── SUPPLIED INFORMATION ──

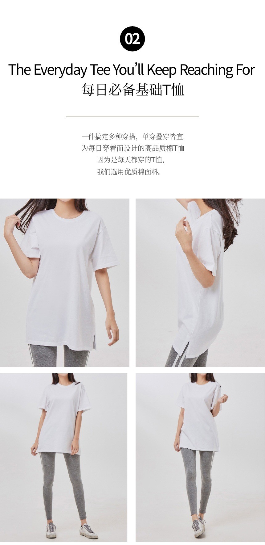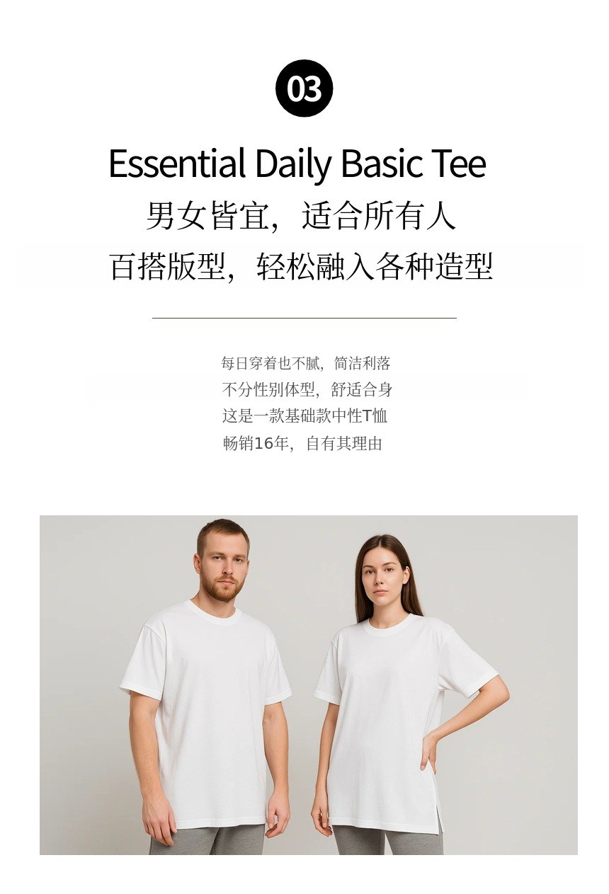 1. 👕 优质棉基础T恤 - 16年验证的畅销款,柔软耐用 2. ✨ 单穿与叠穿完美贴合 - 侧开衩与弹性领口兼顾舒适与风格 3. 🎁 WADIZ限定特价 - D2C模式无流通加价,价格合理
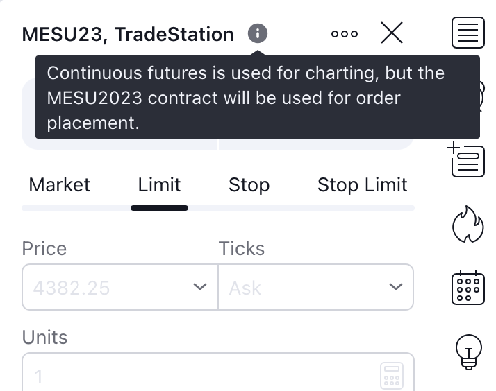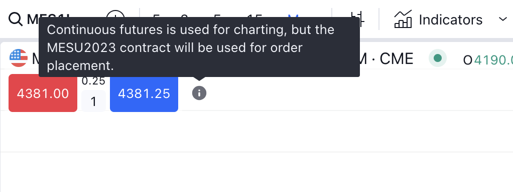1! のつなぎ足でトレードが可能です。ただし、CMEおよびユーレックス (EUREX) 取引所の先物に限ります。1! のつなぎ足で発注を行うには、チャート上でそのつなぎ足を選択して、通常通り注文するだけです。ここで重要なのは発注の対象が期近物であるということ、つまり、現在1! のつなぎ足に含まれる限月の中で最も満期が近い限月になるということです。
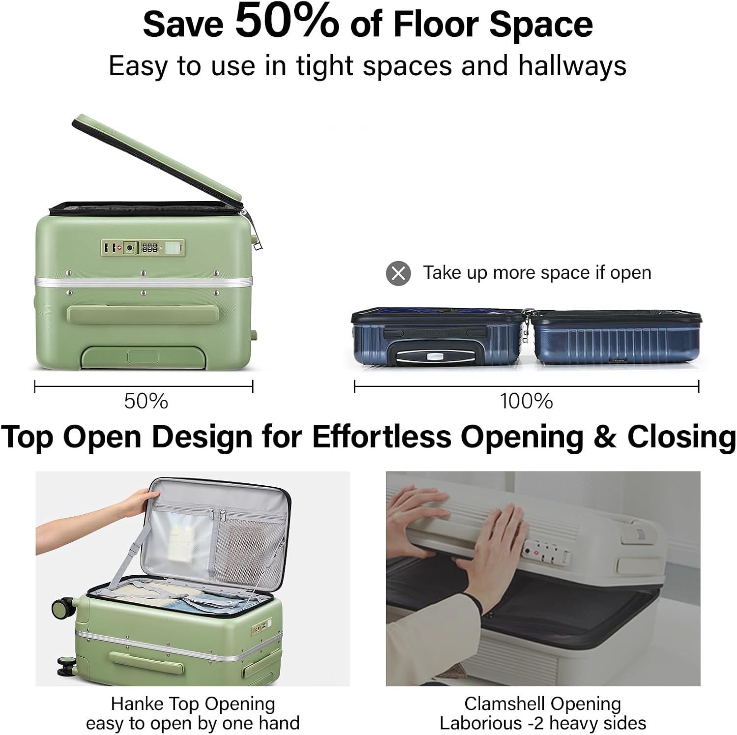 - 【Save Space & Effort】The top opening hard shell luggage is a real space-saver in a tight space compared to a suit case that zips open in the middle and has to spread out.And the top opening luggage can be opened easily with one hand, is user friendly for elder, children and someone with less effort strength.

───

● **WHAT NEEDS TO BE DONE**:
Write the material out again exactly. Do not include the pictures.

● **EXERCISE RESPONSE**:
 1. 👕 优质棉基础T恤 - 16年验证的畅销款,柔软耐用 2. ✨ 单穿与叠穿完美贴合 - 侧开衩与弹性领口兼顾舒适与风格 3. 🎁 WADIZ限定特价 - D2C模式无流通加价,价格合理
1! のつなぎ足でトレードが可能です。ただし、CMEおよびユーレックス (EUREX) 取引所の先物に限ります。1! のつなぎ足で発注を行うには、チャート上でそのつなぎ足を選択して、通常通り注文するだけです。ここで重要なのは発注の対象が期近物であるということ、つまり、現在1! のつなぎ足に含まれる限月の中で最も満期が近い限月になるということです。
 - 【Save Space & Effort】The top opening hard shell luggage is a real space-saver in a tight space compared to a suit case that zips open in the middle and has to spread out.And the top opening luggage can be opened easily with one hand, is user friendly for elder, children and someone with less effort strength.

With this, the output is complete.